═══ INPUT FOR THIS TASK ═══
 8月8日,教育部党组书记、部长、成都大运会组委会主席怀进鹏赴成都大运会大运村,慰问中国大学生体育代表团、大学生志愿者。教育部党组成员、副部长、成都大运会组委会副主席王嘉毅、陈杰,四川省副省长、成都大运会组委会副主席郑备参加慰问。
═══
═══ INPUT FOR THIS TASK ═══
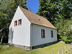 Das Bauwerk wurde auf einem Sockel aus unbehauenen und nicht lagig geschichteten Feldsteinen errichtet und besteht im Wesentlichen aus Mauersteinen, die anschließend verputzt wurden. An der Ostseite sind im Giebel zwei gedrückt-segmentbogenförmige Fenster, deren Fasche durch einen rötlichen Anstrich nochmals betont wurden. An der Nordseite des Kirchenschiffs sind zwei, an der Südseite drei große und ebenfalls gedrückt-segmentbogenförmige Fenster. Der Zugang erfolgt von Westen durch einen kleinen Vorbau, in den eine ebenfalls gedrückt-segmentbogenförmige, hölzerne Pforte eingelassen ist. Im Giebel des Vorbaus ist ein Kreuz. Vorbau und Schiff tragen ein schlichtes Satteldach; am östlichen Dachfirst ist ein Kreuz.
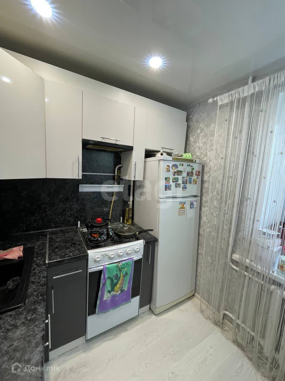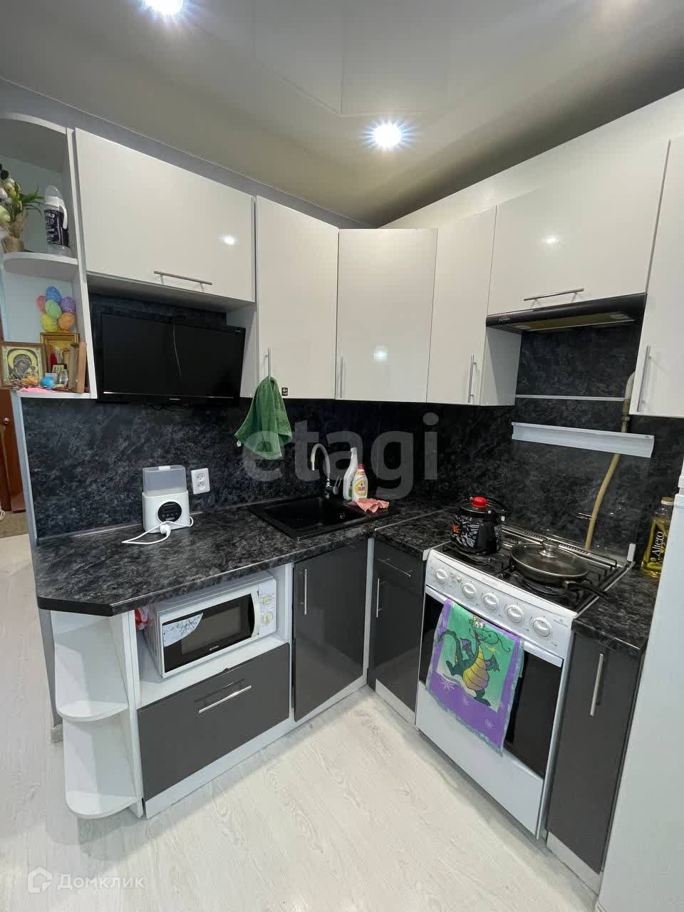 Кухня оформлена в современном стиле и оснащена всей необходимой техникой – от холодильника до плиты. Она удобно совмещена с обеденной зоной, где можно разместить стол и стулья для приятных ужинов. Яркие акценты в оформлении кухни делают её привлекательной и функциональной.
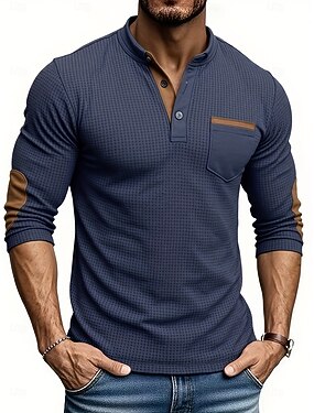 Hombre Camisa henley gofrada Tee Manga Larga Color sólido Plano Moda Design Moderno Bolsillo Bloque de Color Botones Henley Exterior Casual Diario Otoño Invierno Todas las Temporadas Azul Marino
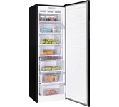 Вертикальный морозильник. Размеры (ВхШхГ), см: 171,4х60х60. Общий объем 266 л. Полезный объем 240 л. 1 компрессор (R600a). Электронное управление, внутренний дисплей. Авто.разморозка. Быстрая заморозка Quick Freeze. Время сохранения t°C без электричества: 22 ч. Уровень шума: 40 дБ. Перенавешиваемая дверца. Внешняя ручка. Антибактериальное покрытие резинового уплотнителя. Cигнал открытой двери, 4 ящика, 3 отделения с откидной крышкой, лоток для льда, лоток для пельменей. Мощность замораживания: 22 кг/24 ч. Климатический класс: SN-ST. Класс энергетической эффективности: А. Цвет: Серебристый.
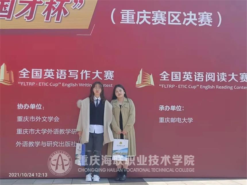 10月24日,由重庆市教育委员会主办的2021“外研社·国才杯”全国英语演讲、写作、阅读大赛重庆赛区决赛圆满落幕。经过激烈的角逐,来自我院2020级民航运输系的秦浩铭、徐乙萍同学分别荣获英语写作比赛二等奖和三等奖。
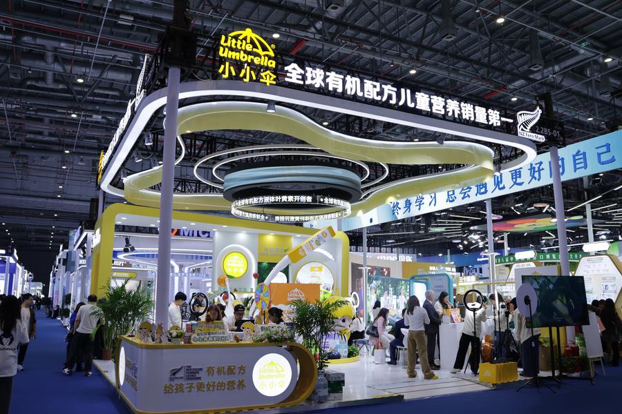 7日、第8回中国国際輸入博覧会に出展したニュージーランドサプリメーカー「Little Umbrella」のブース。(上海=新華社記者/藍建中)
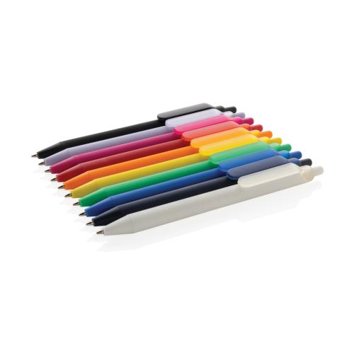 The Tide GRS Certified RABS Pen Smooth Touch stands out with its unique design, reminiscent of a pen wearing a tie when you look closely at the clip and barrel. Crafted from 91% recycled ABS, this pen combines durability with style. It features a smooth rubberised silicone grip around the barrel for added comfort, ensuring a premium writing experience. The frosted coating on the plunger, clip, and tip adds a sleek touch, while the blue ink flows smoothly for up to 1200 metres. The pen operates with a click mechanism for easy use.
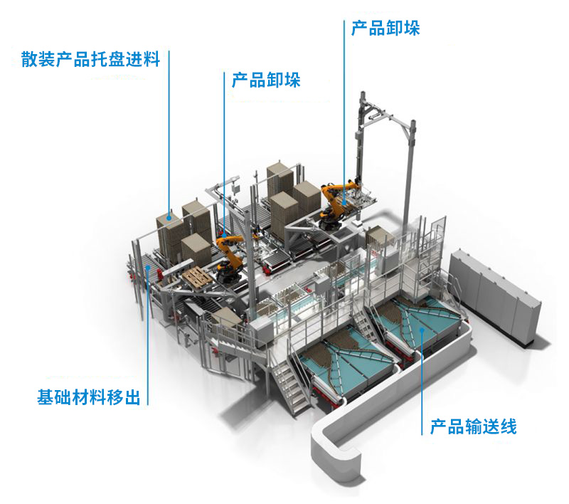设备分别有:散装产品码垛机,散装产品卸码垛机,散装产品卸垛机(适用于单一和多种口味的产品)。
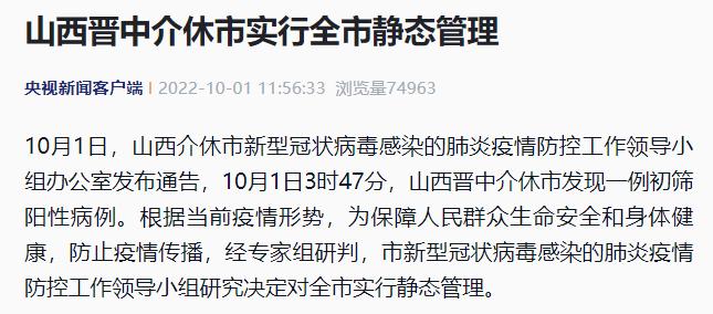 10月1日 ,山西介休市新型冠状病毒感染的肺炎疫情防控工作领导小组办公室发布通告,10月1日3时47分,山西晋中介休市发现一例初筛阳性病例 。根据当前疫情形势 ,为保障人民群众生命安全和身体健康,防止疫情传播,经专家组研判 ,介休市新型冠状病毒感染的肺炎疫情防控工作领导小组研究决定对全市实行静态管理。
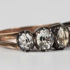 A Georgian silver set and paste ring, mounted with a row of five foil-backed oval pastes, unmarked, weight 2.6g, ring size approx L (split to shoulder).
═══
Given the listing above, retype only the span of lines from the line with "7日、第8回中国国際輸入博覧" up to and including the line with "A Georgian silver", exactly as it stands and without pictures.

 7日、第8回中国国際輸入博覧会に出展したニュージーランドサプリメーカー「Little Umbrella」のブース。(上海=新華社記者/藍建中)
 The Tide GRS Certified RABS Pen Smooth Touch stands out with its unique design, reminiscent of a pen wearing a tie when you look closely at the clip and barrel. Crafted from 91% recycled ABS, this pen combines durability with style. It features a smooth rubberised silicone grip around the barrel for added comfort, ensuring a premium writing experience. The frosted coating on the plunger, clip, and tip adds a sleek touch, while the blue ink flows smoothly for up to 1200 metres. The pen operates with a click mechanism for easy use.
设备分别有:散装产品码垛机,散装产品卸码垛机,散装产品卸垛机(适用于单一和多种口味的产品)。
 10月1日 ,山西介休市新型冠状病毒感染的肺炎疫情防控工作领导小组办公室发布通告,10月1日3时47分,山西晋中介休市发现一例初筛阳性病例 。根据当前疫情形势 ,为保障人民群众生命安全和身体健康,防止疫情传播,经专家组研判 ,介休市新型冠状病毒感染的肺炎疫情防控工作领导小组研究决定对全市实行静态管理。
 A Georgian silver set and paste ring, mounted with a row of five foil-backed oval pastes, unmarked, weight 2.6g, ring size approx L (split to shoulder).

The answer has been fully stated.